Lujo Brentano, born in Aschaffenburg into one of the most distinguished German - Catholic intellectual families (originally of Italian descent), attended school in Augsburg and Aschaffenburg. He studied in Dublin (Trinity College), Münster, Munich, Heidelberg (doctorate in law), Würzburg, Göttingen (doctorate in economics), and Berlin (habilitation in economics, 1871).

He was a professor of economics and state sciences at the universities of Breslau, Strasbourg, Vienna, Leipzig, and most importantly, Munich (1891 – 1914). With Ernst Engel, the statistician, he made an investigation of the English trade unions.

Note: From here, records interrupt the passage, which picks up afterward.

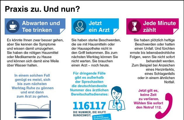 Im Rahmen des heutigen Tages wird zum Thema Bereitschaftsdienst eine Reihe von Medienaktionen sowohl bundesweit als auch regional umgesetzt. Die KBV hat ein Infopaket für Arztpraxen zusammengestellt. Dieses enthält die aktuelle Ausgabe des Patientenmagazins "Zimmer 1" und ein Praxisposter zur bundesweit einheitlichen Bereitschaftsdienstnummer 116117. Gerade letzteres soll den Patienten im Wartezimmer vermitteln, zu welchem Anlass sie die 116117 und wann den Notruf 112 wählen. Mehr Informationen zur Kampagne und zur 116117 finden Sie auf folgenden Seiten: www.ihre-aerzte.de und www.116117info.de.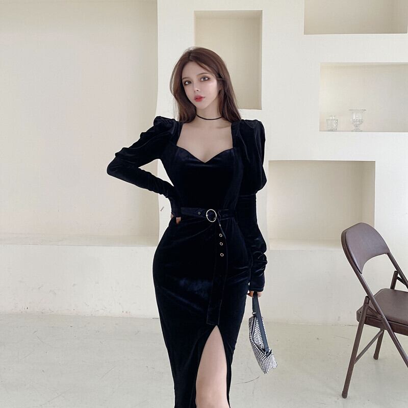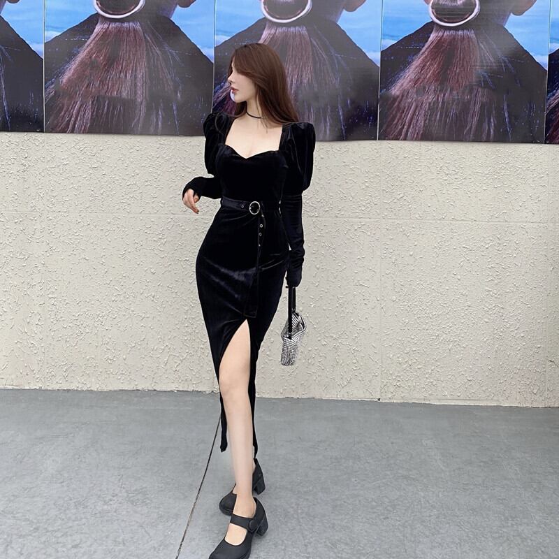 フランスのレトロシックなデザインセンススクエアネックパフスリーブスリムスリミングセクシーなスプリットベルベットドレス女性の秋と冬 オータム 秋物 ウィンター 冬物 スクウェア yingd99027074822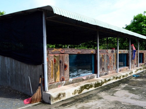 Hồ nuôi cá hải tượng của ông Ninh tương đương hồ bơi dành cho người lớn.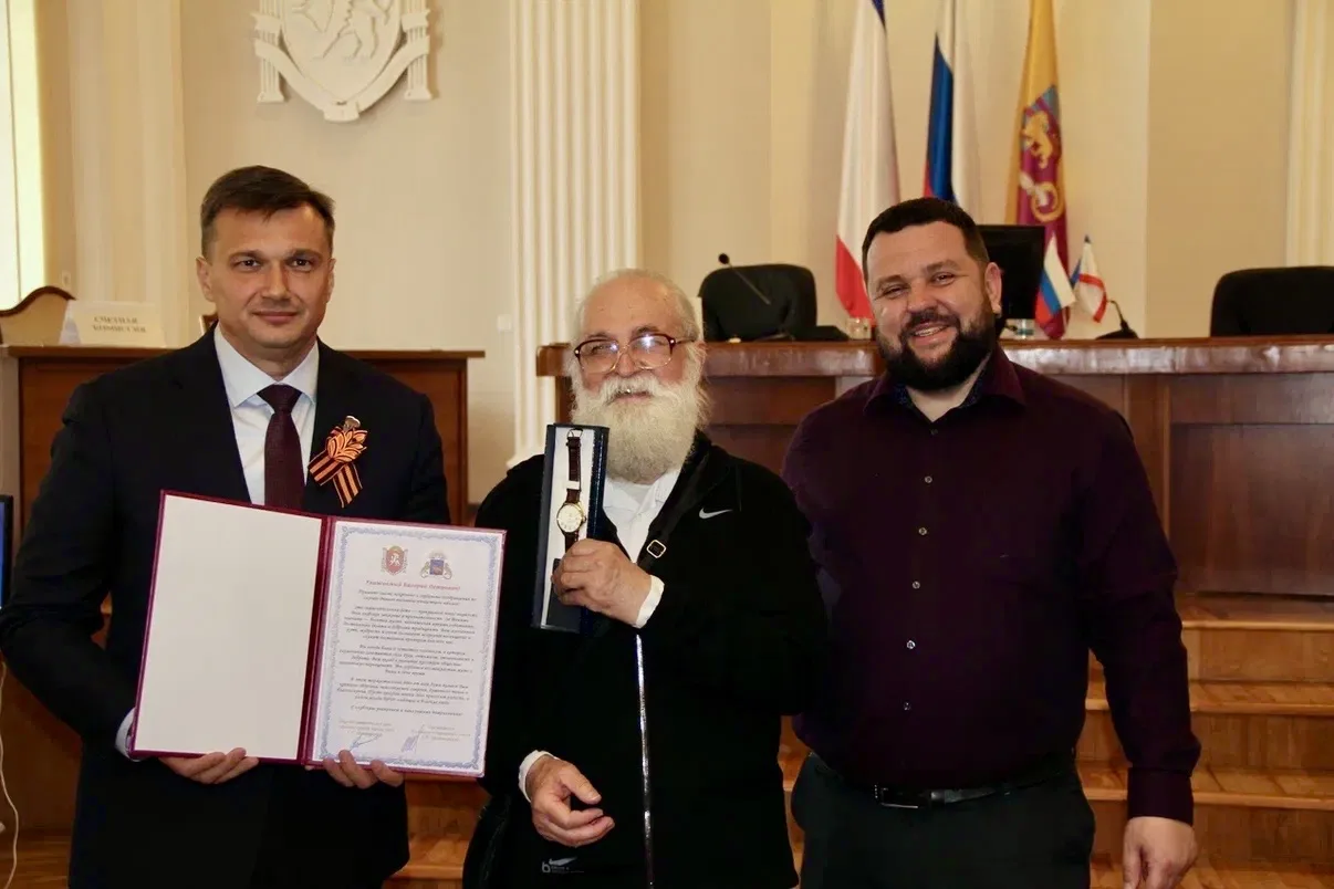 Вместе с первым заместителем главы администрации Сергеем Сергеевичем Олефиренко вручили ценный подарок Администрации за добросовестный труд, высокий профессионализм, личный вклад в развитие культуры на территории муниципального округа и по случаю 80-летнего юбилея художнику живописцу, члену Союза художников России, члену Союза писателей Крыма Валерию Петровичу Мухину.

After the revolution of November 1918, he served in prime minister Kurt Eisner's government as People's Commissar (Minister) for Trade, but only for some days in December 1918. In 1914, he signed the Manifesto of the Ninety - Three.

Brentano died in Munich in 1931.

Brentano was a Kathedersozialist (reform - minded) and a founding member of the Verein für Socialpolitik. His influence on the social market economy, and on many Germans who would be leaders just after the end of World War II, can hardly be overrated.

Note: It is often mistakenly claimed that Brentano was called Ludwig Joseph, and that "Lujo" was a kind of nickname or contraction. This is incorrect; while he was given his name after a Ludwig and a Joseph, Lujo was his real and legal first name.